### WHAT IS NEEDED
Copy out exactly the stretch below, from the line with "Набор карандашей чернографитных" through the line with "Luxusný strieborný náramok", both included; the pictures stay out.

=== RECORDS PROVIDED ===

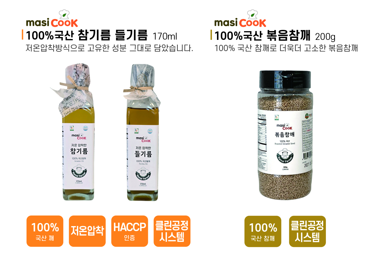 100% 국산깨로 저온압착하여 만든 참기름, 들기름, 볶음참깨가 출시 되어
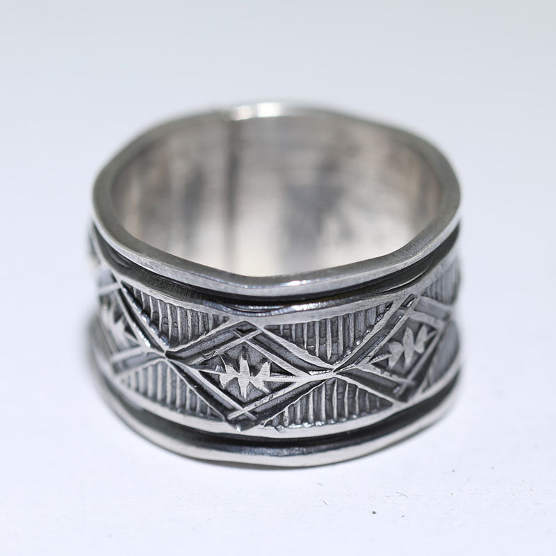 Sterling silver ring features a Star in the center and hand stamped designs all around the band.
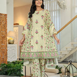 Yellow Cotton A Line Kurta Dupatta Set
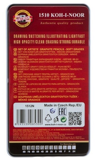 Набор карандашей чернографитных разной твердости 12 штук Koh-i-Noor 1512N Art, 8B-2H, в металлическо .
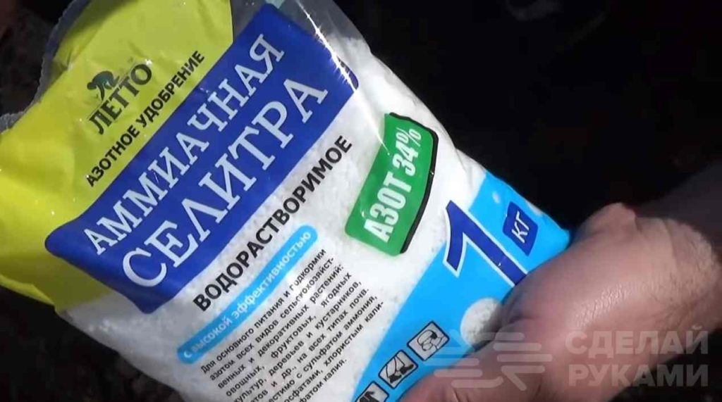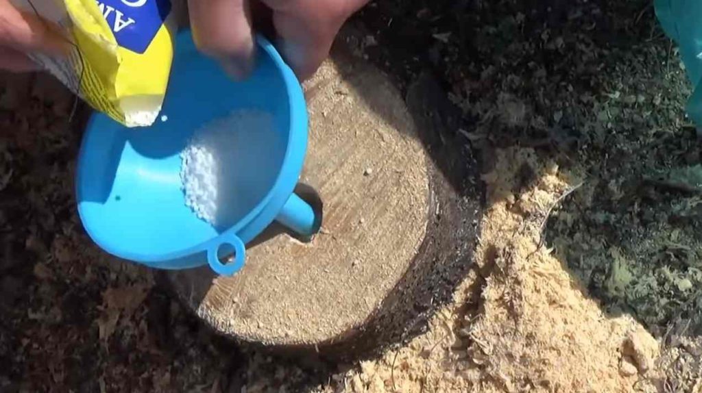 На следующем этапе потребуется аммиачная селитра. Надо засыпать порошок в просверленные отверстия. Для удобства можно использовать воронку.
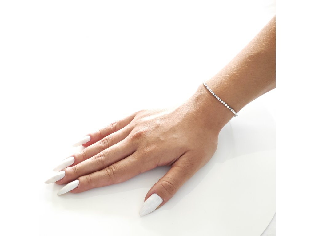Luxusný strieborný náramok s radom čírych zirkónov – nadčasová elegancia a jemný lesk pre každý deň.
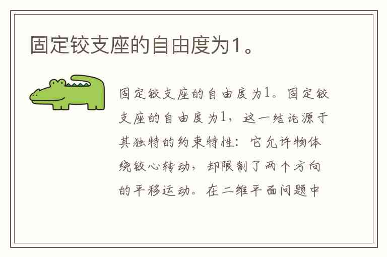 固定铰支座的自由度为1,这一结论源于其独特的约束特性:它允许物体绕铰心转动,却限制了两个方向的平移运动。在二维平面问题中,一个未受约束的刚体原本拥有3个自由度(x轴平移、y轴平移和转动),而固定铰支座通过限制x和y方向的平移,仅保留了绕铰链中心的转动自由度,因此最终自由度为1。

===

### RESULT BELOW
 Набор карандашей чернографитных разной твердости 12 штук Koh-i-Noor 1512N Art, 8B-2H, в металлическо .
 На следующем этапе потребуется аммиачная селитра. Надо засыпать порошок в просверленные отверстия. Для удобства можно использовать воронку.
Luxusný strieborný náramok s radom čírych zirkónov – nadčasová elegancia a jemný lesk pre každý deň.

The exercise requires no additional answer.